You may have already seen this outstanding analysis of the data from "The China Study". If you haven't, I highly recommend you give it a read. It's long, but well worth the effort. Readers of this blog know my opinion of T. Colin Campbell and his "scientific" work. Now somebody has taken the time to actually crunch the numbers, using Campbell's own data to demonstrate that his conclusions are baseless (at least when confined to this data), and probably the result of confirmation bias.
I also love the observation that, despite his constant whining about the "dangers of reductionism" in science, Campbell's entire argument against animal protein really hinges on a strongly reductionist experiment, namely the isolated effect of casein fed to rats in large doses. Snap!
Readers know of my criticisms of classical statistics, but it should be noted that I don't really have a problem with the mathematics, but the application. Math is what it is, either right or wrong. My issue is that classical statistics is used incorrectly, to draw inferences about hypotheses, when the underlying mathematical framework has nothing to do with inference. The key problem is that "statistics" are just numbers derived from data, like correlations. They don't say anything about a hypothesis: you will calculate the same correlation between two datasets, regardless of your hypothesis about what causes that correlation. Anyway, I don't want to get off on a rant. My point here is that the author, Denise Minger, does an excellent job of confining her analysis and conclusions within the bounds of what classical statistics can tell you. And along the way, she does a great job of demonstrating how easy it is to fool yourself (as T. Colin Campbell did - repeatedly) by over-interpreting these numbers which, in the end, cannot tell you anything more than what's in the data.

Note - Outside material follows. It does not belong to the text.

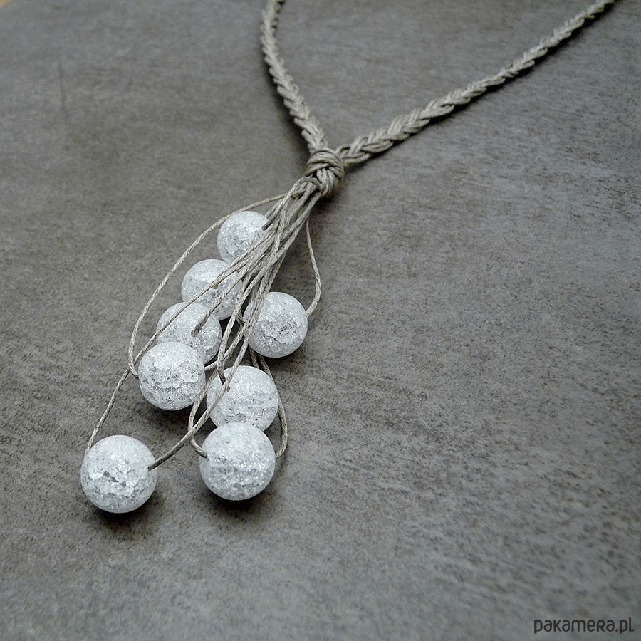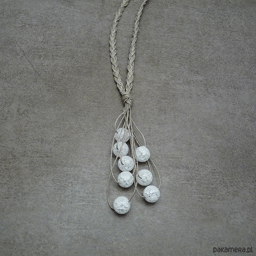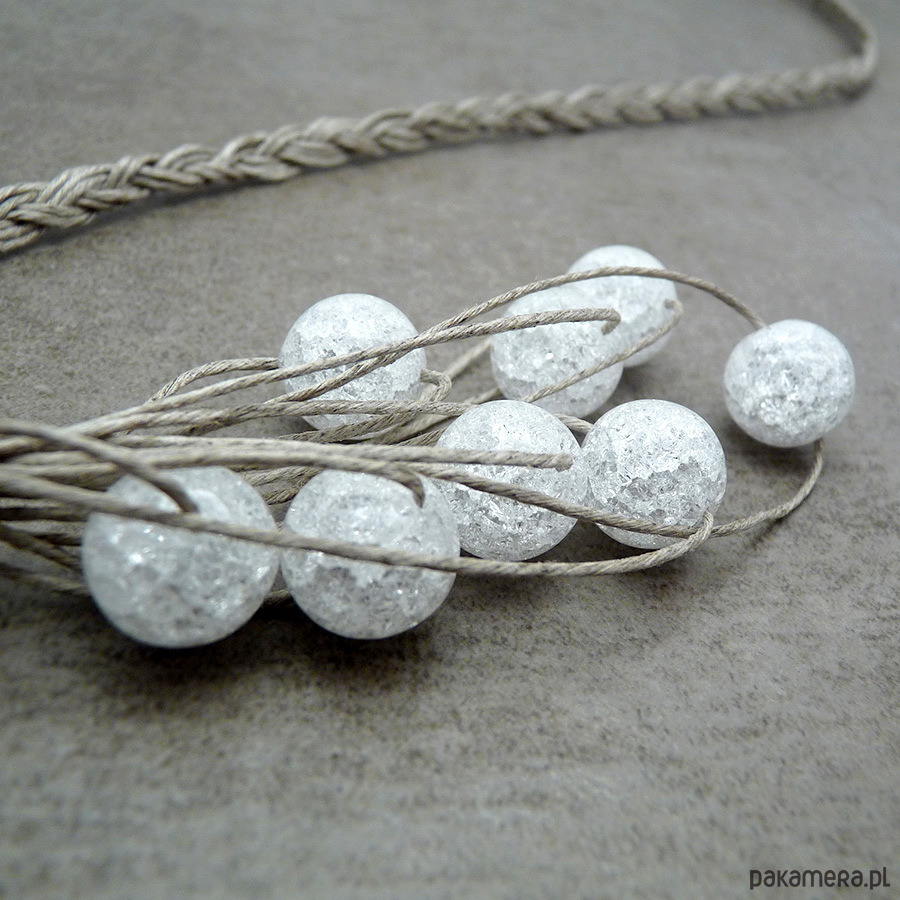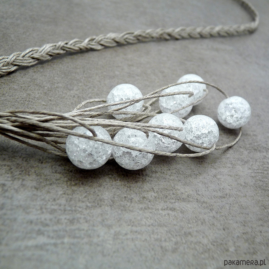 Naturalny naszyjnik wypleciony z nitek naturalnego lnu i kulek lodowego kryształu górskiego (dużo spękań)

Ms. Minger has also done a great service in providing a concrete example of the issues in observational studies. You've likely read often that epidemiological studies are of little use in distinguishing between competing hypotheses. Now you have an example, replete with numbers. Ms. Minger demonstrates in several cases how a seemingly "obvious" conclusion vanishes once you dig into the large number of uncontrolled variables inherent in all observational studies. It's easy to find correlations in large datasets with many uncontrolled variables. The problem is that people take these correlations to mean more (or less) than they really do in terms of supporting/undermining a particular hypothesis, and the conclusions they draw are essentially ad hoc, not based on any rigorous mathematical analysis, but rather hand-waving about what is "obvious". An oft-quoted example is that men who shave daily have a higher incidence of heart disease. It is "obvious" that heart disease is not caused by shaving, right? Or is it? There's a whole lot of other information that goes into that judgment. We generally take this sort of thing for granted, especially when made in pronouncements from "esteemed" scientists like T. Colin Campbell. But if you dig into the reasoning behind these conclusions, you generally find a tangled web of assumptions, hypotheses assumed to be true, but which have varying (if any) actual evidence to support them. Ms. Minger does a great job of teasing these out of Campbell's reasoning, and demonstrating how the data itself provides little evidence one way or another, precisely because it cannot distinguish between the potential effects of the many intertwined and uncontrolled variables.
Anyway, enough of my babbling. Go read the article, you'll be glad you did (unless you're an uncritical fan of T. Colin Campbell, in which case you've got bigger problems).